**Material supplied**
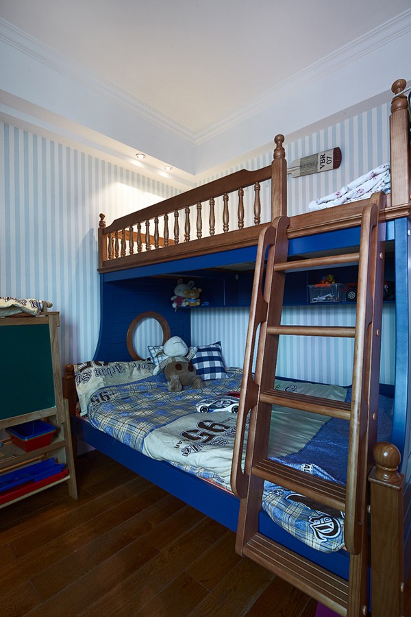 美式的復(fù)古感在這套三居室中展現(xiàn)得一覽無遺,貴氣、隨意又自由的氛圍,讓美式風(fēng)格備受中國業(yè)主的歡迎。兒童房這邊用的是高低床,平時上床很少使用,后期可以用來放置一些雜物。
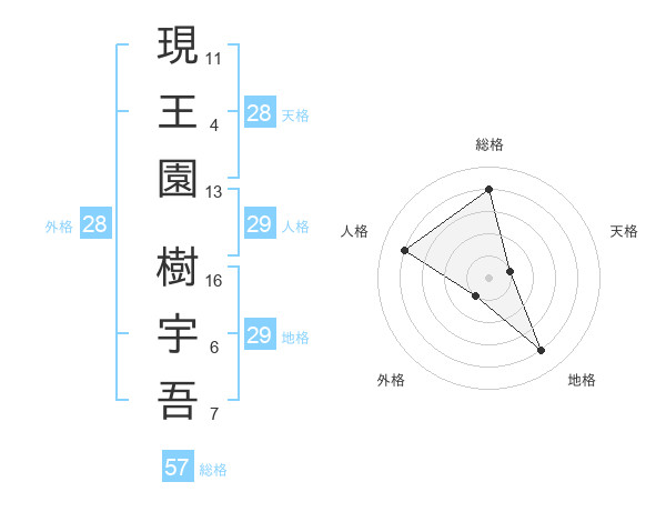 現王園 樹宇吾さんを姓名の画数から五運を鑑定
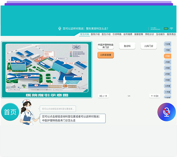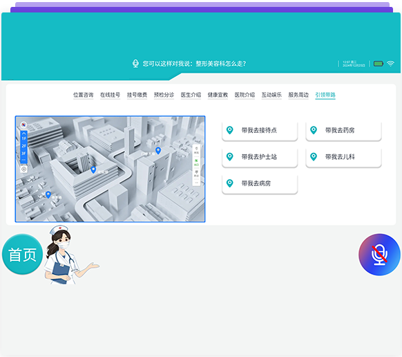 導診機器人配置了位置引領功能,語音或點擊要了解的科室位置,機器人會把行走的路線告知你,并配置平面& 3D地圖(接入院內導航系統),展示行走的路線圖;如是在同一樓層,機器人可以帶到你去要到的地方。
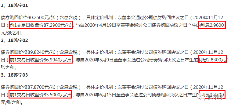 相關債券的回購價格,是11月12號大跌之后的收盤價+應計利息來確定的。以18蘇寧01為例,回購凈價僅為87.29元,也就是說,發行人借了100元的本金,現在只用還87.29元了。
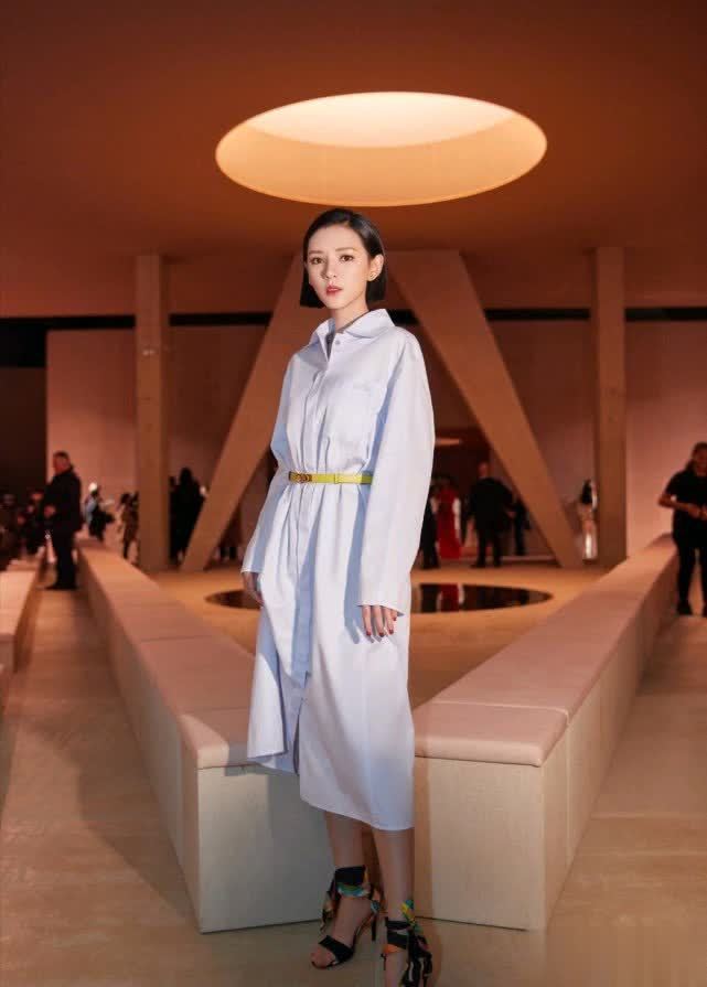 一条淡蓝色的衬衫裙搭配高跟鞋,简约风十足,而且也显得气质很优雅,展现出她温柔的一面,和平时的私服穿搭是不一样的效果。

**Assignment**
Nothing but the records themselves, exact and complete, should be returned; leave the pictures out.

**Answer box**
 美式的復(fù)古感在這套三居室中展現(xiàn)得一覽無遺,貴氣、隨意又自由的氛圍,讓美式風(fēng)格備受中國業(yè)主的歡迎。兒童房這邊用的是高低床,平時上床很少使用,后期可以用來放置一些雜物。
 現王園 樹宇吾さんを姓名の画数から五運を鑑定
 導診機器人配置了位置引領功能,語音或點擊要了解的科室位置,機器人會把行走的路線告知你,并配置平面& 3D地圖(接入院內導航系統),展示行走的路線圖;如是在同一樓層,機器人可以帶到你去要到的地方。
 相關債券的回購價格,是11月12號大跌之后的收盤價+應計利息來確定的。以18蘇寧01為例,回購凈價僅為87.29元,也就是說,發行人借了100元的本金,現在只用還87.29元了。
 一条淡蓝色的衬衫裙搭配高跟鞋,简约风十足,而且也显得气质很优雅,展现出她温柔的一面,和平时的私服穿搭是不一样的效果。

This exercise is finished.